> Task item: The records below hold a stretch from the line with "Türkiyə millisinin və" through the line with "安徽教育网:安徽新华学院组织观看2018年度学校共青团网络视频会议"; return exactly those lines, ends included, and nothing more.

> Data for processing:
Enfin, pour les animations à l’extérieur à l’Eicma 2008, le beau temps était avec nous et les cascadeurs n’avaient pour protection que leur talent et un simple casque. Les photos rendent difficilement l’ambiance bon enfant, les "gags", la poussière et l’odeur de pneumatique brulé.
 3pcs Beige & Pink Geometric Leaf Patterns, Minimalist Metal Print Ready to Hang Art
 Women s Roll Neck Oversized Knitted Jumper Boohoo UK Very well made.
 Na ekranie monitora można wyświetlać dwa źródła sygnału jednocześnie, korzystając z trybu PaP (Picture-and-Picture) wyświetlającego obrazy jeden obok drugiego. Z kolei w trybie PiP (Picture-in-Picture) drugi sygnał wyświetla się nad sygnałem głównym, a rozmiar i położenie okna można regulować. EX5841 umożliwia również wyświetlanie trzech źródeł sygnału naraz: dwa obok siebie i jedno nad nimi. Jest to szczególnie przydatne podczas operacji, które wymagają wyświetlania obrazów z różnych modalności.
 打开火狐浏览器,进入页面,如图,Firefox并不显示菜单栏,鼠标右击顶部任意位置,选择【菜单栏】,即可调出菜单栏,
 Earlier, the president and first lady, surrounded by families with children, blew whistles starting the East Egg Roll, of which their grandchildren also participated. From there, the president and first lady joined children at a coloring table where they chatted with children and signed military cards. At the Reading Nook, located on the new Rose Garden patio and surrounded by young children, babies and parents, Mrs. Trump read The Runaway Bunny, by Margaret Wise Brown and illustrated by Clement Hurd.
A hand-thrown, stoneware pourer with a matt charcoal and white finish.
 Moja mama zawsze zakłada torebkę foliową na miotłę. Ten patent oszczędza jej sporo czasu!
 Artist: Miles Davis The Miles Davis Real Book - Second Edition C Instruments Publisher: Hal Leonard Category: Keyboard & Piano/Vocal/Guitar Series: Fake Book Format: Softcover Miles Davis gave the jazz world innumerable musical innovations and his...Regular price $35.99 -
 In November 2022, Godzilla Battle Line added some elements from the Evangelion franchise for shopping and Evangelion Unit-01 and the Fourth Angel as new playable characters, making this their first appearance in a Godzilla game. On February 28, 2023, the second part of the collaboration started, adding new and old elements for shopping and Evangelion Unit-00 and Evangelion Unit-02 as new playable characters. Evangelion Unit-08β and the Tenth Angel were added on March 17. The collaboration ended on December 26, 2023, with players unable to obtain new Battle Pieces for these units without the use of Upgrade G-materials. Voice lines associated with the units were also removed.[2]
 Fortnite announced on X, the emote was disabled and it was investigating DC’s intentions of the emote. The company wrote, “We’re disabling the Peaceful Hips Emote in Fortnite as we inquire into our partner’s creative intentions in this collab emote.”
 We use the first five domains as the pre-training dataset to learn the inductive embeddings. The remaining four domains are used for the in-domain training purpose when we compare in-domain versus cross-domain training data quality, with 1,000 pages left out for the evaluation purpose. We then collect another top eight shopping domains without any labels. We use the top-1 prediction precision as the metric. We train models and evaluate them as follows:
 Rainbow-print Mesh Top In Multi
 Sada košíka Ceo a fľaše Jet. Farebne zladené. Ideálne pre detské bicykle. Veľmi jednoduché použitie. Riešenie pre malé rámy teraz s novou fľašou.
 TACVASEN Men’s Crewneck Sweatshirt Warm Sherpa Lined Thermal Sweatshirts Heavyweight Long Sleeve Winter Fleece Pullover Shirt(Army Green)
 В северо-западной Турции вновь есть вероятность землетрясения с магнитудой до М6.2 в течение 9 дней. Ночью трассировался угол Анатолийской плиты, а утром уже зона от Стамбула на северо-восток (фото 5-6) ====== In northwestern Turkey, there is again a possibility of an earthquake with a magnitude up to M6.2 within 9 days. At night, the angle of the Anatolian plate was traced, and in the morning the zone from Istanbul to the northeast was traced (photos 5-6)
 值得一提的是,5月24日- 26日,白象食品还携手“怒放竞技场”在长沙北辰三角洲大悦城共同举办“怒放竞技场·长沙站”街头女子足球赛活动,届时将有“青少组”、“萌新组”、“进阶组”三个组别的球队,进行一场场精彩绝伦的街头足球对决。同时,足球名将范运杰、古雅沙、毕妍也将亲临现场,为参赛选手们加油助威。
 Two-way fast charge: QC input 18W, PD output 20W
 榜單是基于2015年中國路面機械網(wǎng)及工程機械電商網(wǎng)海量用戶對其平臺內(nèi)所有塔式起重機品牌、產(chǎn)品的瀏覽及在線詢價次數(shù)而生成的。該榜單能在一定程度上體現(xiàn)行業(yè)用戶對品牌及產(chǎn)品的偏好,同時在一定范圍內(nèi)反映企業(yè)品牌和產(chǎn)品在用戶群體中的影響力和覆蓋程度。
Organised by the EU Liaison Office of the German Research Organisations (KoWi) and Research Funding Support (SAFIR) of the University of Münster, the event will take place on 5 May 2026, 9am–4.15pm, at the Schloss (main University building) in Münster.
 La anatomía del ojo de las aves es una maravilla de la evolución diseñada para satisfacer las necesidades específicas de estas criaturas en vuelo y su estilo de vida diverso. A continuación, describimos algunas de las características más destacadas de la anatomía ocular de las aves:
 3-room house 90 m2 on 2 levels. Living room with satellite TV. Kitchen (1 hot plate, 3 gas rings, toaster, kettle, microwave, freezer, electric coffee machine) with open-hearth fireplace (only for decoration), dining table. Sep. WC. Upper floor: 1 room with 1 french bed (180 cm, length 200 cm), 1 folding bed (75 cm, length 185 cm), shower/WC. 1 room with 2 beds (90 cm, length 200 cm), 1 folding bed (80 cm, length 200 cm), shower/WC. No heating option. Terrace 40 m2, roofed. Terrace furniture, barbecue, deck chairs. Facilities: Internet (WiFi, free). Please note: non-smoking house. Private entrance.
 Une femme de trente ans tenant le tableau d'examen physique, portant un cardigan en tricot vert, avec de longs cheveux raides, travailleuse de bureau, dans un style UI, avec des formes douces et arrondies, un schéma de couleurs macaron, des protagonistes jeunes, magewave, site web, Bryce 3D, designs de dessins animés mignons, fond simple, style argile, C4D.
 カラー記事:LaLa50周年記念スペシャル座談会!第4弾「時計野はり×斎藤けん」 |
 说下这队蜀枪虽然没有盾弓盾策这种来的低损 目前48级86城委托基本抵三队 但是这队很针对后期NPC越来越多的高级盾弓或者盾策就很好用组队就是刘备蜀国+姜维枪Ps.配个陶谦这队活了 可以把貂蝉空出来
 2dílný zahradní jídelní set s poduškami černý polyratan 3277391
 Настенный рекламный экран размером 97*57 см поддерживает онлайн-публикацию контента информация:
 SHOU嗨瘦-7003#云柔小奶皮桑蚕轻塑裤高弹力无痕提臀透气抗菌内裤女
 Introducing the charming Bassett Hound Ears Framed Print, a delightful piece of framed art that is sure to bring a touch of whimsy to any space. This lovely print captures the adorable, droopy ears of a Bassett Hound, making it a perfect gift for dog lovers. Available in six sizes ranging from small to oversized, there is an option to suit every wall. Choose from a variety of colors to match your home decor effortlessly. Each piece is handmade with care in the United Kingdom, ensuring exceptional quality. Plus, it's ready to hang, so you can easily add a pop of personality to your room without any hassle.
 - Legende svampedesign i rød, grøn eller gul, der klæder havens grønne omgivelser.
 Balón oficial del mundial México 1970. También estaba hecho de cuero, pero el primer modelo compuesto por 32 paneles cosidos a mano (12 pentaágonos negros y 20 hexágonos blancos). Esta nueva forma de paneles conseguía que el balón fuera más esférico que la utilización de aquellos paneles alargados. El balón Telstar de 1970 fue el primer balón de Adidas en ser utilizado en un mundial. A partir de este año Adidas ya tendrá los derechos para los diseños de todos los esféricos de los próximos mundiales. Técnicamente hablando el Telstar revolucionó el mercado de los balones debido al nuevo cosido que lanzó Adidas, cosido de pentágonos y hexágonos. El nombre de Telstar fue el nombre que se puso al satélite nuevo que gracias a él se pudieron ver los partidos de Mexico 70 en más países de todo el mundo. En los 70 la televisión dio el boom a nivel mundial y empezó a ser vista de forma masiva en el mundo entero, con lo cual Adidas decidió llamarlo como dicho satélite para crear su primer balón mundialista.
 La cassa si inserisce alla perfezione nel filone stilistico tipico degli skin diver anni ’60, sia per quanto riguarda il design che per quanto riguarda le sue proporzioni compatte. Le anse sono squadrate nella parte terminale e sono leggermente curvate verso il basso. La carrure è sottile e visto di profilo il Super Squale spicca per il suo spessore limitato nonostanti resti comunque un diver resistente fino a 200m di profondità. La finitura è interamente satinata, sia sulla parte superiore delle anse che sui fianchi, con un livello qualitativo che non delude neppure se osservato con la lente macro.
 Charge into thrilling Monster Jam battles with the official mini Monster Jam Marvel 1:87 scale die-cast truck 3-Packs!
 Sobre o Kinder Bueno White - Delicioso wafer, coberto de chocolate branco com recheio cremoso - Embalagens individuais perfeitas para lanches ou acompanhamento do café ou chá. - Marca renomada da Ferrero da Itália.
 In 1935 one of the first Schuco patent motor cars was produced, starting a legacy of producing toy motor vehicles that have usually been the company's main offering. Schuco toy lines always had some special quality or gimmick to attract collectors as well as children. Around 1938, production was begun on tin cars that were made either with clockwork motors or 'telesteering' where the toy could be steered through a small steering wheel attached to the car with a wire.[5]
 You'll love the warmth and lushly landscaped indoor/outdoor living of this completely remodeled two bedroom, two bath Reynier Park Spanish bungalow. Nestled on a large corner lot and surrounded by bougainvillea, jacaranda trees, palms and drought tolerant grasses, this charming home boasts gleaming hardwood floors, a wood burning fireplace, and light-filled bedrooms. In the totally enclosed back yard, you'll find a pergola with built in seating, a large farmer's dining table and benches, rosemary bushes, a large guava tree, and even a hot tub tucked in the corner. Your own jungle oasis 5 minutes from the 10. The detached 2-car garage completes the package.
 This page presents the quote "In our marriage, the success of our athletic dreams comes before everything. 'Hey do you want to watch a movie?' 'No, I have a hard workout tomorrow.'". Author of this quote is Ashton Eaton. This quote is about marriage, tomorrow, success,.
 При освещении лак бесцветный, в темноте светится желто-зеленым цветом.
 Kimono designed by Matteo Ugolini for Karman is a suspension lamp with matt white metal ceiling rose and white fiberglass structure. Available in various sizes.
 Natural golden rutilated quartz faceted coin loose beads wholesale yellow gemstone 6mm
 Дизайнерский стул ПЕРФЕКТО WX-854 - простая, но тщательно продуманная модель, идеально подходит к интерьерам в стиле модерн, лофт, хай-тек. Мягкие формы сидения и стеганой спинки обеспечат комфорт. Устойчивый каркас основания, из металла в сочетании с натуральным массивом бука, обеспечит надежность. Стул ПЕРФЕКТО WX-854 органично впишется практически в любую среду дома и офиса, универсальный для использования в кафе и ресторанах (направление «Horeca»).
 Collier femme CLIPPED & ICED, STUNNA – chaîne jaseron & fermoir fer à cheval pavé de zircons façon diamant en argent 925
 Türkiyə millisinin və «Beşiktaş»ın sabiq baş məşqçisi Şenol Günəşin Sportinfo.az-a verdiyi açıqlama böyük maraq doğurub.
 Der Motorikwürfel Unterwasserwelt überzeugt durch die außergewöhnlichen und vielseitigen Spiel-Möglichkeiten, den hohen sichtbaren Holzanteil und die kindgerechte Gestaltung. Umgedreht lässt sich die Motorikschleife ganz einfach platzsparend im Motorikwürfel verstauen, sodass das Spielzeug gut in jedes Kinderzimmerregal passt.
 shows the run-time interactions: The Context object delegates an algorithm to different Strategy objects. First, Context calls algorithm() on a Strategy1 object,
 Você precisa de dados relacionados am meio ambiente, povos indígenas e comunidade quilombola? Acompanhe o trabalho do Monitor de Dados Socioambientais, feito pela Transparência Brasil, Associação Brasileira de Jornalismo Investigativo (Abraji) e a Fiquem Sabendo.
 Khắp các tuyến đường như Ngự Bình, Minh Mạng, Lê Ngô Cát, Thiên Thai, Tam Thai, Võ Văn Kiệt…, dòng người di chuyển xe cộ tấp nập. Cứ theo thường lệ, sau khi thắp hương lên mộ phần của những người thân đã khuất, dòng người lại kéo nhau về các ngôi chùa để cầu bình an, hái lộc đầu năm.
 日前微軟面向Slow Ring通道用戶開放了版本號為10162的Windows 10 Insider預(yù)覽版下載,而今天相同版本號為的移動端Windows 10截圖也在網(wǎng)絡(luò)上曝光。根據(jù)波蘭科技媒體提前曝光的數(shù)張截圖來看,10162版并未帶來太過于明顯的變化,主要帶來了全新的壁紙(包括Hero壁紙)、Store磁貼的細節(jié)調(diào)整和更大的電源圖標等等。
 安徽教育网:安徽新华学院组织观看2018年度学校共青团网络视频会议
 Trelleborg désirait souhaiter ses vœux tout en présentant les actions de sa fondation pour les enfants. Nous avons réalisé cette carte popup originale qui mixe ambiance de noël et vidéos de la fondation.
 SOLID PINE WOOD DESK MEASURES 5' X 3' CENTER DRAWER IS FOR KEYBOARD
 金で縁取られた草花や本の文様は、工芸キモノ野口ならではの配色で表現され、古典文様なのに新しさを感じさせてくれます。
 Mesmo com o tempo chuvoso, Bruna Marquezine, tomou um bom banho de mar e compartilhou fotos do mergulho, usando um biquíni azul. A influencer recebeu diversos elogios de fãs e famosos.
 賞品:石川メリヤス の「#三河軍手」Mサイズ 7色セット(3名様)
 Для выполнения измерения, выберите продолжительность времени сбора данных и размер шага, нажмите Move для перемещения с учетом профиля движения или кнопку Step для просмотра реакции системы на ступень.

> Answer:
 Türkiyə millisinin və «Beşiktaş»ın sabiq baş məşqçisi Şenol Günəşin Sportinfo.az-a verdiyi açıqlama böyük maraq doğurub.
 Der Motorikwürfel Unterwasserwelt überzeugt durch die außergewöhnlichen und vielseitigen Spiel-Möglichkeiten, den hohen sichtbaren Holzanteil und die kindgerechte Gestaltung. Umgedreht lässt sich die Motorikschleife ganz einfach platzsparend im Motorikwürfel verstauen, sodass das Spielzeug gut in jedes Kinderzimmerregal passt.
 shows the run-time interactions: The Context object delegates an algorithm to different Strategy objects. First, Context calls algorithm() on a Strategy1 object,
 Você precisa de dados relacionados am meio ambiente, povos indígenas e comunidade quilombola? Acompanhe o trabalho do Monitor de Dados Socioambientais, feito pela Transparência Brasil, Associação Brasileira de Jornalismo Investigativo (Abraji) e a Fiquem Sabendo.
 Khắp các tuyến đường như Ngự Bình, Minh Mạng, Lê Ngô Cát, Thiên Thai, Tam Thai, Võ Văn Kiệt…, dòng người di chuyển xe cộ tấp nập. Cứ theo thường lệ, sau khi thắp hương lên mộ phần của những người thân đã khuất, dòng người lại kéo nhau về các ngôi chùa để cầu bình an, hái lộc đầu năm.
 日前微軟面向Slow Ring通道用戶開放了版本號為10162的Windows 10 Insider預(yù)覽版下載,而今天相同版本號為的移動端Windows 10截圖也在網(wǎng)絡(luò)上曝光。根據(jù)波蘭科技媒體提前曝光的數(shù)張截圖來看,10162版并未帶來太過于明顯的變化,主要帶來了全新的壁紙(包括Hero壁紙)、Store磁貼的細節(jié)調(diào)整和更大的電源圖標等等。
 安徽教育网:安徽新华学院组织观看2018年度学校共青团网络视频会议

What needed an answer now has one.